Как-то в мае мы бродим с отцом по оврагу за машинным сараем. Трава мне до пояса. Здесь цветет земляника, уже выпускает коричневатые хвостики конский щавель, много зонтичных, пряно пахнущих, даже дурманящих растений, названий которых я не знаю.

Я спрашиваю:

— Папа, а это что такое?

— Болиголов. Он ядовитый. Принюхайся, разотри его листики. Слышишь, пахнет мышами?

— А вот это?

— Борщевик. Он съедобный.

— А это?

— Горичник болотный.

— А это? А это?

— Гирча тминолистная… Дягиль.
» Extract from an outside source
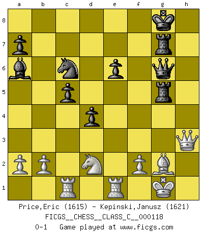 Last move : 0-1 2009 August 24 3:57:32 [Event "FICGS__CHESS__CLASS_C__000118"] [Site "FICGS"] [Date "2009.07.10"] [Round "1"] [White "Price,Eric"] [Black "Kepinski,Janusz"] [Result "0-1"] [WhiteElo "1615"] [BlackElo "1621"] 1.e4 e6 2.d3 d5 3.Nd2 c5 4.g3 Nc6 5.Bg2 g6 6.Ngf3 Bg7 7.O-O Nge7 8.Re1 O-O 9.c3 b6 10.e5 Qc7 11.Qe2 Ba6 12.Nf1 Rfe8 13.Bf4 h6 14.h4 Rad8 15.N1h2 h5 16.g4 d4 17.c4 hxg4 18.Nxg4 b5 19.Nf6+ Bxf6 20.exf6 Qxf4 21.fxe7 Rxe7 22.h5 bxc4 23.hxg6 cxd3 24.gxf7+ Qxf7 25.Qe4 Qg7 26.Rac1 Rd5 27.Qh4 Qg6 28.Qg3 Rg7 29.Qh3 d2 30.Nxd2 Rg5 0-1 French : King's Indian attack Kingside Castling by player White (move 7) Kingside Castling by player Black (move 8) Player Black won this chess game. Follow this game move after move (download)The laws of Chess do not permit a free choice: you have to move whether you like it or not. (Emanuel Lasker) Karpov ist ein Museumsstück. (Garry Kasparov) Tu cuerpo tiene que estar en óptima condición. Tu Ajedrez se deteriora como lo hace tu cuerpo. No puedes separar la mente y el cuerpo. (Bobby Fischer) Les Echecs, c'est l'art de la guerre sans les charniers, c'est la résurrection des morts tombés au champ d'honneur, l'espoir perpétuel, la suprématie de l'intelligence sur la force, la culture de l'esprit. (F. Szpiner) You can only get smarter by playing a smarter opponent. (Revolver, movie)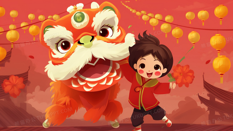本作品内容为春节庆典的小孩和醒狮插画, 格式为 jpg, 大小5 MB, 图片尺寸为2912 x 1632, 源文件无水印, 欢迎使用熊猫办公。 如认为平台内容涉嫌侵权,可通过邮件:tousu@tukuppt.com提出书面通知,我们将及时处理。

Очень полезный. Лекарственный. Медонос. Это вех… Говорят, соком веха был отравлен Сократ.

Я внимательно слушаю, запоминаю, хотя имя Сократа мне еще незнакомо. Мир вокруг меня дышит, звенит и играет всеми красками лета, всем его многоцветьем. Почему-то мне радостно от обилия этих странных названий: гирча, дягиль, вех. И приятно, что рядом со мной человек, понимающий листья и травы, каждый малый цветок. Я гляжу на него с уважением, с робостью, снизу вверх, как на некое божество, но, как всякое божество, недоступное, строгое.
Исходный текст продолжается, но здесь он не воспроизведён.